Through Figure 3, Figure 4, Figure 5, Figure 6, Figure 7, Figure 8 and Figure 9, we noticed the offline decision tree classifiers had better results than the Hoeffding Adaptive Tree online ML because their learning is performed with the complete dataset and without the restriction of time and memory resources. On average, the best offline ML F1-score classifiers outperformed the best online ML F1-score classifier (HAT) by 3.17% in accuracy, 4.38% in precision, 14.81% in recall, and 12.08% in F1-score, while the difference in accuracy is relatively small, we notice that the F1-score, which depends on other metrics (see Equations (1)–(4)), results in a particularly large difference, as can be noted in Figure 10. So, the accuracy is not a good metric for this evaluation, because of the unbalanced datasets (with one class having significantly more instances than the others), the small number of attacks used, as can be seen in Table 2. The use of F1-score is the most suitable to identify the differences in the classifiers’ performance in these unbalanced cases.
Figure 10. Comparison of best offline algorithm and online reference (HAT) in terms of F1-score, recall, and precision for all datasets.
From Figure 10, we can see the differences between the online and offline ML average F1-scores (yellow line). The Morris-4 and BATADAL datasets show the largest performance differences (55% and 20%, respectively), indicating that these two datasets are the most difficult for the online ML methods. The Morris-1 and SWaT datasets show smaller differences (6% and 5%), while the remaining show no significant difference (less than 2%).
Figure 11 shows the evolution of the HAT F1-score results each datasets as more and more instances (samples) are processed; we show a percentage of instances because each dataset has a different number of samples. The worst result was verified in BATADAL, followed by Morris-4, Morris-1, Morris-3 water, SWaT, Morris-3 gas, and ERENO. One of the reasons BATADAL has such bad results is the lack of attacks during most of the initial time. As the dataset is unbalanced, the model does not have enough samples to learn about the attacks.

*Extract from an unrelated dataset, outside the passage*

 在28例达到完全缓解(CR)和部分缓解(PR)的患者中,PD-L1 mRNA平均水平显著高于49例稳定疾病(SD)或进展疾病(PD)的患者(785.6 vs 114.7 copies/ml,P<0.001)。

Figure 11. HAT F1-score of all datasets.

6.2.2. Run Time Performance

As mentioned above, intrusion detection must be performed quickly. Figure 12 summarizes the time it took for offline and online classifiers for each dataset. Overall, the dataset size (number of instances) is directly related to the amount of time spent by both offline ML and online ML. To isolate that factor, we report the average run time spent per instance (log scale) to compare the classifiers for the different datasets.
Figure 12. Offline and online classifiers’ average run time per instance.

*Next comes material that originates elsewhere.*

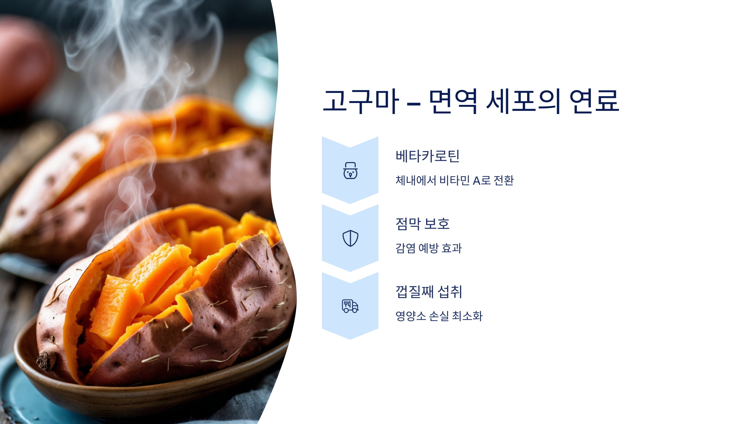 고구마는 베타카로틴의 보고로, 체내에서 비타민 A로 전환되어

In our study, we evaluated various offline classifiers using different datasets, focusing on their performance in terms of F1-score. We found that the top-performing classifiers exhibited an average training time of 530 μs per instance and an average test time of 40.6 μs per instance. This stark difference between training and testing times indicates that the majority of the computational effort in offline classifiers is spent during the training phase, which is approximately 13 times slower than the testing phase. During training, the Random Tree, REPTree, J48, and Random Forest classifiers (the best offline models, as can be seen in Table 3) invest time in generating decision trees to build the learned model. However, the Naive Bayes classifier demonstrates a faster training time compared to the others since it focuses on generating and calculating probabilities for assigning input features to specific classes. It is worth noting that in all models, the testing phase is generally quicker than the training phase as it primarily involves the application of a decision rule to assign inputs to their respective classes. These findings shed light on the time distribution and computational characteristics of the evaluated classifiers, providing insights into their practical usage and efficiency in real-world scenarios.

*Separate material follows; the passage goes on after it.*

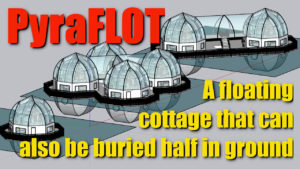 (8) PyraFLOT (P8W12f) is a house that can be built directly on water or buried half in the ground so that it can float up in a sustained flood. This is useful for those who live near the sea, the lake and in low grade areas that tend to have seasonal flooding. Two, four or more units can be joined together for expanded families or communities. Click to learn more about PyraFLOT.

Therefore, while the best offline classifiers in terms of F1-score had an average of 0.93, 0.12 better than online HAT classifier F1-score, its learning time per instance is 9.78 times larger than that of HAT. So, there is a trade-off between the best metrics of offline classifiers and the faster time of online classifiers. On the other hand, we must comment the delay problems that might happen because of the labeling (Figure 1). If the labeling process has problems, a bigger delay must be inserted after the arrival of the following samples. These malfunctioning might compromise the online ML real-time response and compromise the entire process.

6.2.3. Adaptability to New Attack Occurrences

To compare the performance of online and offline ML techniques, in terms of adaptability to new attacks, an experiment was carried out in WEKA with the ERENO dataset and its attacks’ Use Cases (UC) in sequence. More specifically, the offline REPTree classifier was used to train six models using six “cumulative” training datasets, each referring to a different attack UC, named UC1, UC1-2, UC1-3, UC1-4, UC1-5, and UC1-6. Here, UC1 denotes a training dataset containing only samples from the use case number one, while UC1-X denotes a dataset comprising samples from all UCs from 1 to X. The test is performed on samples of the following X + 1 UC. Each of the six models was then evaluated using, respectively, UC2, UC3, UC4, UC5, UC6, and UC7. The goal of this experiment was to simulate the behavior of the classifiers in handling zero-day attacks (i.e., showing how capable an IDS is of detecting an unknown attack based on the training it received on other attacks). Figure 13 shows the F1-score evolution of the offline REPTree classifier in comparison to the performance of the online HAT classifier executed with the described UCs. The attacks found on each UC are as follows: UC1, Random Replay Attacks; UC2, Inverse Replay Attacks; UC3, Masquerade Attacks-Outage; UC4, Masquerade Attacks-Equipment Damage; UC5, Random Message Injection attacks; UC6, High-Status Number attacks; and UC7, High-Rate Flooding Attack.
Figure 13. ERENO: cumulative F1-score; best offline (RepTree) and online (HAT) classifiers.
The presence of zero-day attacks harmed the offline classifier’s performance, especially for cases UC1/UC2 (trained on UC1 and tested on UC2), UC1-2/UC3, UC1-3/UC4, and UC1-4/UC5. In all those cases, the REPTree, offline’s best classifier in F1-score for this dataset was not able to detect new attacks, as it cannot adapt to changes, which was already expected due to the offline ML characteristic. In the last two cases, UC1-5/UC6 and UC1-6/UC7, the REPTree classifier had good F1-score results, due to the similarities between the last two attacks, UC6 and UC7, and the previous five attack UCs. One of the experiments carried out with this objective uses the Leave-One-Out approach, where training is performed with all Use Cases minus the one that will be used in the test. In Table 4, the values in red show the conjunction between training and testing of the UCs where the accuracy was below the Majority Class and with a low F1-score, the values in green show the conjunction between training and testing where the accuracy was higher than the Majority Class and with high F1-score. The metrics where there is a division by zero in Equations (2) and (4) are shown as “Undef.”.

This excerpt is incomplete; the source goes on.